### Exercise directions
Pictures aside, repeat the listing below exactly.

### Material provided
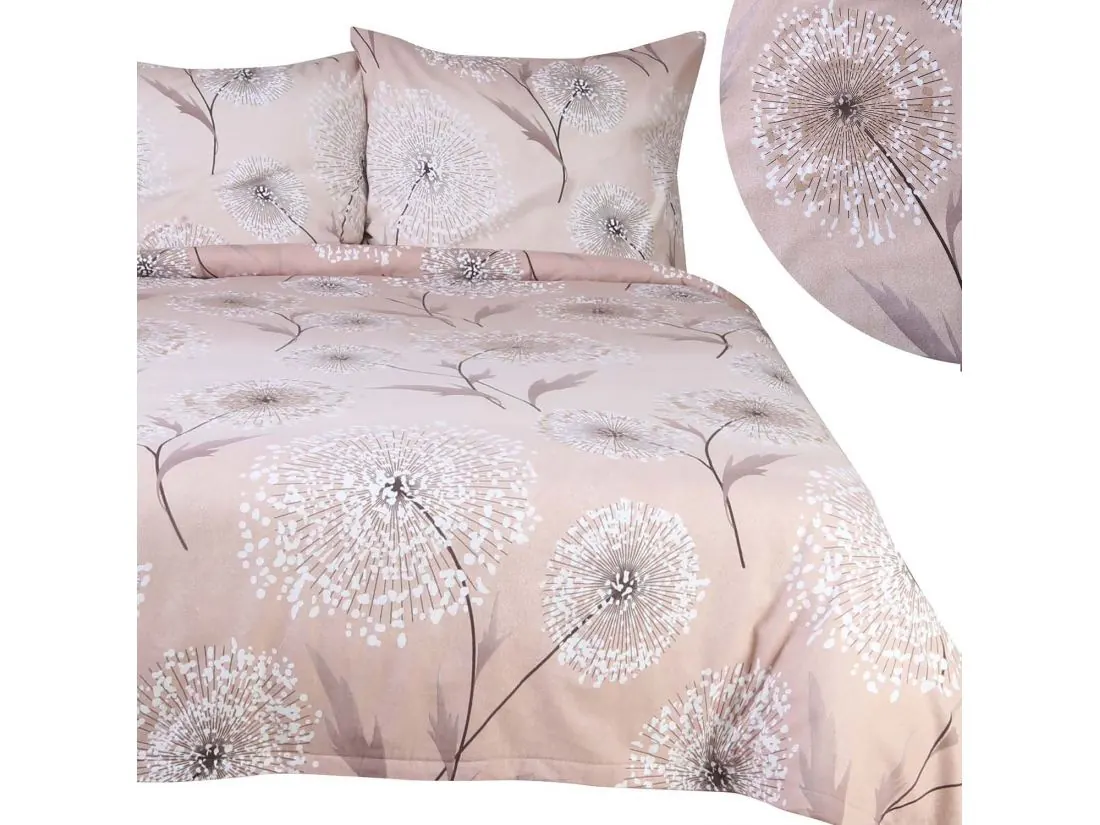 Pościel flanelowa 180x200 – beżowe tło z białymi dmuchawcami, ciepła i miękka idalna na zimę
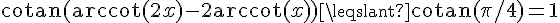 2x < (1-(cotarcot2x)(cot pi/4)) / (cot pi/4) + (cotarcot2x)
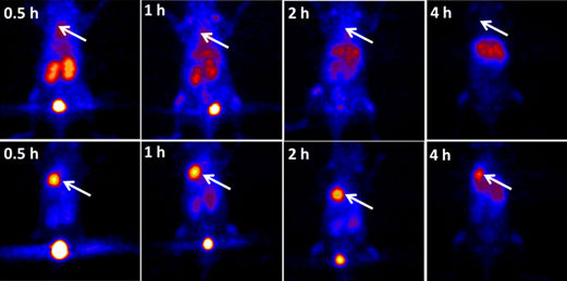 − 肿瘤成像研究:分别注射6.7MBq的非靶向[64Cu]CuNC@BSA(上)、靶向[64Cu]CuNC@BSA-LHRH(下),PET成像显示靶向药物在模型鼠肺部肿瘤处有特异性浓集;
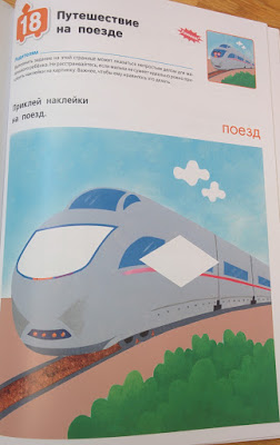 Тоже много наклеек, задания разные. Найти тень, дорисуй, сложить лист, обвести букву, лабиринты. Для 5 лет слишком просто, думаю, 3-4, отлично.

### The completed task
 Pościel flanelowa 180x200 – beżowe tło z białymi dmuchawcami, ciepła i miękka idalna na zimę
 2x < (1-(cotarcot2x)(cot pi/4)) / (cot pi/4) + (cotarcot2x)
 − 肿瘤成像研究:分别注射6.7MBq的非靶向[64Cu]CuNC@BSA(上)、靶向[64Cu]CuNC@BSA-LHRH(下),PET成像显示靶向药物在模型鼠肺部肿瘤处有特异性浓集;
 Тоже много наклеек, задания разные. Найти тень, дорисуй, сложить лист, обвести букву, лабиринты. Для 5 лет слишком просто, думаю, 3-4, отлично.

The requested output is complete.